Retirement plan rule changes often don’t make waves beyond our corner of the business world, but in 2015 they made national headlines. The problem of excessive fees for retirement plan investments and advice garnered more attention last year, not only with the pending rule changes around fiduciary responsibilities but also in legal actions against plan sponsors and class action settlements in favor of retirement plan participants.
Here are some highlights from an active year for 401(k) plans.
New fiduciary rules
The proposal to update the rules around fiduciary standards for retirement advisors – requiring all advisors to plans to act as fiduciaries – dominated industry headlines and regulatory debate in 2015. The Department of Labor (DOL) received over 3,000 comments on the proposal throughout the year and held three days of open hearings in August for interested parties to air their concerns.
This kind of sweeping legislation will always bring out the vested interests seeking to shape the outcome of the new regulations. Plus, when there’s a lot of money at stake—to the tune of $24.7 trillion in total U.S. retirement assets according to the Investment Company Institute—you can be sure the industry heavyweights will make their opinions known to any legislator or regulator with the authority to affect the course of the debate.
Fund companies and brokerage firms criticized the proposal as harmful to individual investors and disruptive to their business models. Swarms of industry lobbyists sought to sway opinion against the new rules and promoted legislative maneuvers to derail the proposal. (An attempt to “defund” the proposal was discussed but scrapped during the recent Congressional budget negotiations.) Supporters of the new rules were active and vocal throughout the debate. But the revised fiduciary definition won’t change their businesses much; many have already adopted more rigorous standards of care for clients and plan participants.
As of right now, it looks possible that the DOL’s proposal – with revisions based on feedback received – may become reality in 2016. Opponents are already lining up contingency plans to defend their business models from the crisis they see coming as the result of the pending legislation. Most importantly, if the new regulations are passed, the retirement planning landscape will change for plan sponsors and trustees in the coming year. Having a trusted and knowledgeable advisor to call on will help you make sense of the new environment.
Tibble v. Edison
The Supreme Court’s (very rare) unanimous decision in this case, announced in May, was the other huge story in 2015. The high court ruled that plan sponsors have an ongoing fiduciary duty to monitor plan investments and invalidated the lower court’s decision to apply a statute of limitations on these responsibilities. What I see interesting in this decision is how different parties can interpret ERISA law and retirement plan legislation in different ways. These varying opinions can make life complicated for a plan sponsor and fiduciary. That’s why I recommend that plan sponsors err to the conservative side when applying the fiduciary standard of care and prudent man rule to their responsibilities.
Class action settlements
2015 saw two big-ticket settlements of class action lawsuits over excessive fees for 401(k) investment options.

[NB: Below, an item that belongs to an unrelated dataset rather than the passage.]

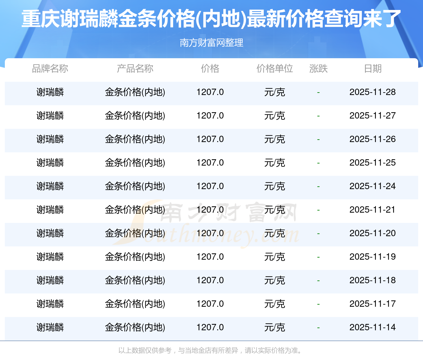 今日重慶謝瑞麟金條(內(nèi)地)價(jià)格為1207.0元/克。

The first settlement came in February, with Lockheed Martin’s $62 million payment to end litigation that included over 100,000 plan participants. In August, a second class action case closed when Boeing paid a $57 million settlement to plaintiffs alleging a failure to carry out fiduciary duties to monitor and disclose fees in 401(k) investments.
The $32 million settlement of the Novant class action lawsuit in November caught my eye because of its early conclusion and possible motivations. Usually, retirement plan cases drag on for up to eight years, especially for class action suits. (The Boeing case, mentioned above, was at least a decade old.) Settling just over a year after filing, even before arguments were made in court, signaled the potential desire by the plan’s trustees to avoid personal liability for dereliction of their fiduciary duties.
More highlights from 2015
The IRS expanded the questions on Form 5500 in 2015 to focus on compliance with federal tax laws. Responses to these questions are optional, but the IRS “strongly encourages” retirement plan sponsors to answer them. I would say skipping these “optional” questions is not really an option for plan sponsors.
In another part of the government agency universe, the DOL’s Employee Benefits Security Administration (EBSA) released the results of a study of retirement plan audits. They found a majority of plan audits had followed professional standards or only had minor deficiencies. But nearly 40 percent of plan audits reviewed had “major deficiencies” according to EBSA.
What’s ahead for 2016?
The fiduciary rule changes, expected to be announced in 2016, will have the biggest impact on retirement plan sponsors this coming year. Plus, I expect the number of class action lawsuits and settlements around excessive plan fees to continue.